AML patients were stratified into three risk categories based on genetic information before treatment[1,8,21].Of the CD25-positive patients with MRD, 65% and 35% were in the intermediate and poor risk subgroups, respectively. Of the CD25-negative patients with MRD, 24%, 46% and 30% cases were in the favorable, intermediate and poor risk subgroups, respectively. Clinical information for all patients is listed in Table 1.

Other characteristics of CD25-positive cases with MRD

Of 31 MRD-positive AML patients expressing CD25, 6/31 cases were positive for concurrent FLT3-ITD and NPM1 mutations, another 6/31 exhibited FLT3-ITD and 3/31 exhibited NPM1 mutations. Additional genetic abnormalities of CD25-positive and CD25-negative patients with MRD are shown in Table 2.

We also observed the expressions of CD38 in 10 patients with MRD that were positive for CD25. Five patients were concurrently positive for CD34 and CD38, while three cases were positive for CD34 and negative for CD38, which is the immunophenotype of LSCs [22, 23]. One patient was negative for CD34 and positive for CD38.

Previous reports on CD25 expression in AML have been focused on its prognostic value. In this research, we identify the value of CD25 as a novel MRD marker in AML.

We initially observed that the expression of CD25 in normal myeloblasts from MRD-negative cases was quite low. This finding suggested that CD25 is a potential marker for MRD in AML. Then, we set up the upper cut-off value for the CD25 MFIR by using a ROC curve and separated the MRD-positive AML samples into two subgroups. Approximately 38% of the MRD-positive AML patients were positive for CD25. Based on other reports, CD25 is expressed in 10%–20% of AML patients [15,16], and the numbers of cases are much larger in these studies.

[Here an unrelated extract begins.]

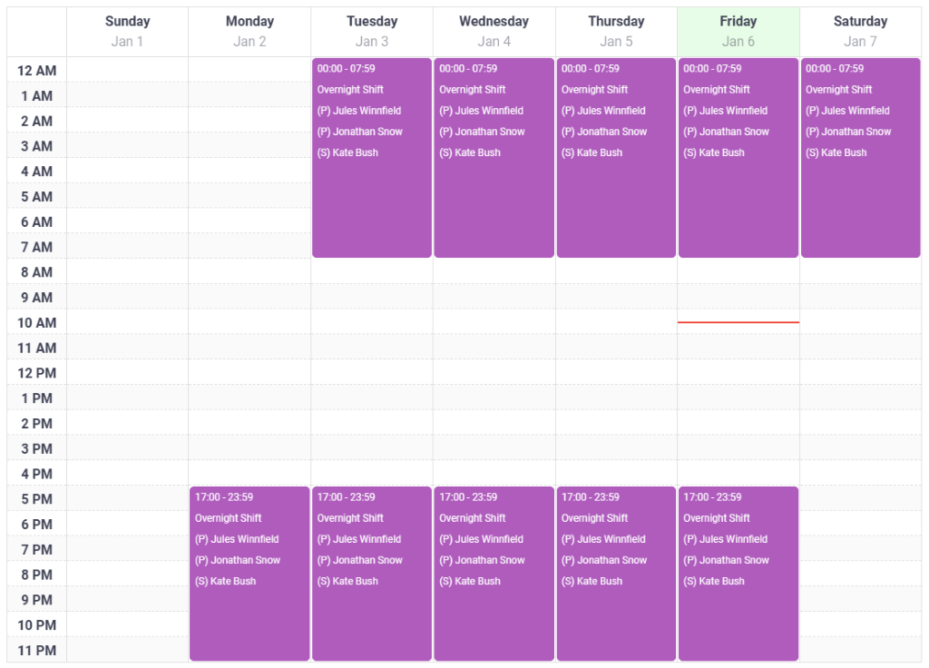 The set up for this shift is similar to the previous example. The key difference happens when we put users into the shift below:

Therefore, the bias toward the higher positive percentage of CD25 in our study may be caused by the small sample size. After comparing the CD25 MFIR between CD25-positive patients with MRD and those without MRD, we found that the difference was obvious. This result shows that high expression of CD25 is a reliable marker for MRD in AML.

We also compared the stability of CD25 in 127 BM specimens from 40 MRD-positive patients. The stability of CD25 varied between the normal and abnormal ranges in approximately 7 patients. This pattern means that the expression of CD25 could change at different time points. Therefore, it would be better to detect CD25 whenever MRD monitoring is performed.

In addition, we tried to determine the characteristics of CD25-positive patients with MRD. Regarding the genetic abnormalities, we obtained a similar conclusion as other reports [17].FLT3-ITD and NPM1 mutations were the most common genetic aberrancies in AML patients positive for CD25. CD25 is highly expressed in LSCs [24]In addition, CD25-positive AML blasts express an LSC-like gene profile [17]. Generally, the combination of CD34+ and CD38- is the recognized immunophenotype of LSCs in AML [22,23]. However, based on our result, not all CD25 positive MRD clusters are negative for CD38. This finding might indicate that CD25 can be expressed in AML cells other than LSCs. However, in this study, we only used four-parameter flow cytometry.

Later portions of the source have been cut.